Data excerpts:
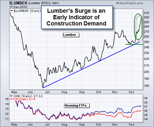 Lumber is surging. Moreover, the Homebuilders SPDR and the Home Construction iShares both are showing strength. This may show an increase in demand and often implies more construction.
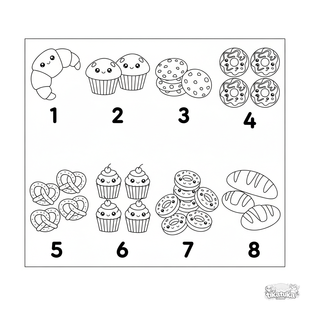 Educational sticker-sheet coloring page for toddlers 2-3: count from 1 to 8 different bakery items. Simple shapes, clear numbers, perfect for early counting lessons.
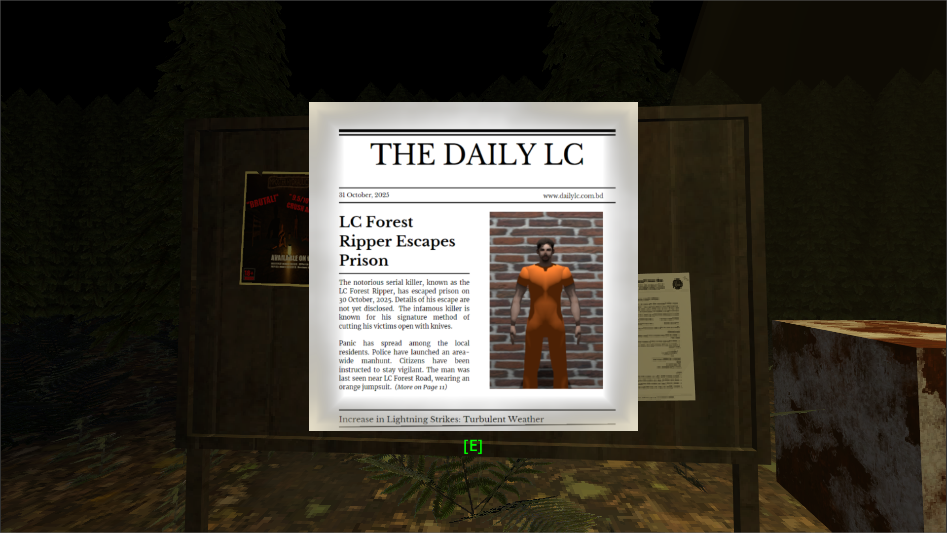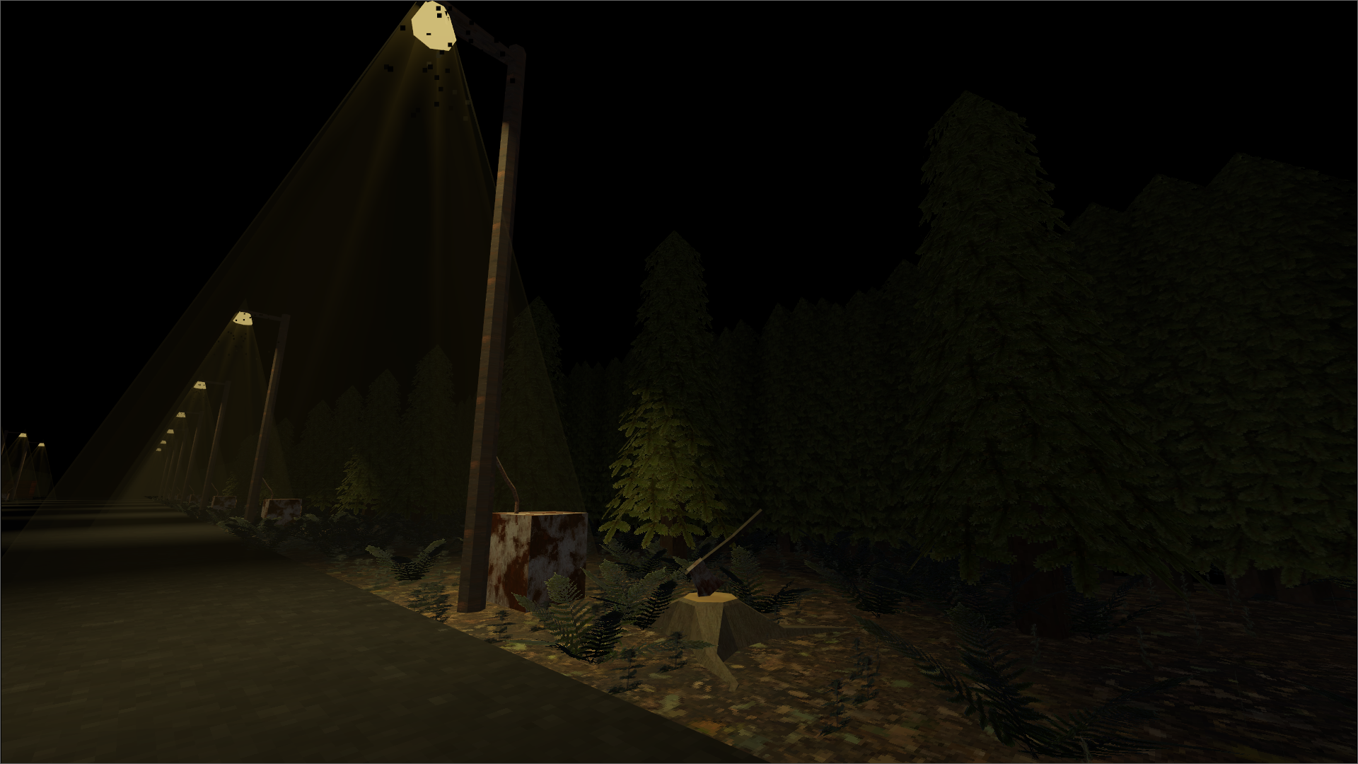 You are in a cold, October night in a remote forest. Your goal: fix the flickering lamp posts and then go home & enjoy a hot meal and watch TV. Easy, right? But you soon realize, you are not alone in here...
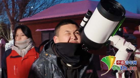 吉木乃县高级中学学生通过望远镜进行天文观测。北京航空航天大学研支团供图
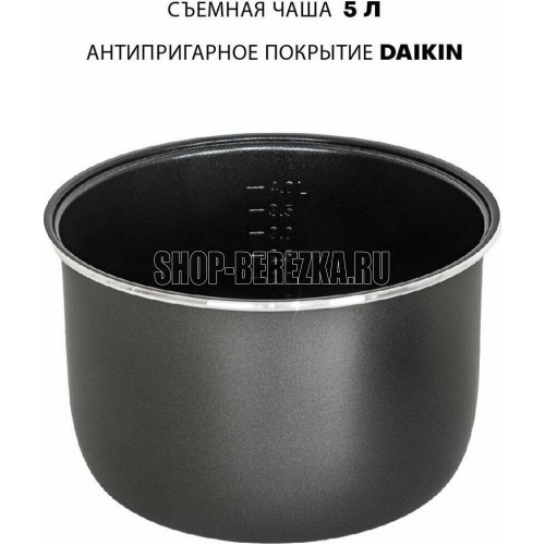 Мультиварка, объем чаши: 5л, мощность: 860 Вт, электронное управление, цифровой светодиодный дисплей, чаша с антипригарным покрытием: Daikin, количество автоматических программ: 11, количество программ ручной настройки: 145, функция "МУЛЬТИПОВАР", функция "СМАРТШЕФ плюс", термоизолированный корпус, поддержания температуры: до 12 часов, отложенный старт: до 24 часов

> **TASK ITEM**: A verbatim copy of every record above is required, with all pictures omitted.

> **EXPECTED OUTPUT**:
 Lumber is surging. Moreover, the Homebuilders SPDR and the Home Construction iShares both are showing strength. This may show an increase in demand and often implies more construction.
 Educational sticker-sheet coloring page for toddlers 2-3: count from 1 to 8 different bakery items. Simple shapes, clear numbers, perfect for early counting lessons.
 You are in a cold, October night in a remote forest. Your goal: fix the flickering lamp posts and then go home & enjoy a hot meal and watch TV. Easy, right? But you soon realize, you are not alone in here...
 吉木乃县高级中学学生通过望远镜进行天文观测。北京航空航天大学研支团供图
 Мультиварка, объем чаши: 5л, мощность: 860 Вт, электронное управление, цифровой светодиодный дисплей, чаша с антипригарным покрытием: Daikin, количество автоматических программ: 11, количество программ ручной настройки: 145, функция "МУЛЬТИПОВАР", функция "СМАРТШЕФ плюс", термоизолированный корпус, поддержания температуры: до 12 часов, отложенный старт: до 24 часов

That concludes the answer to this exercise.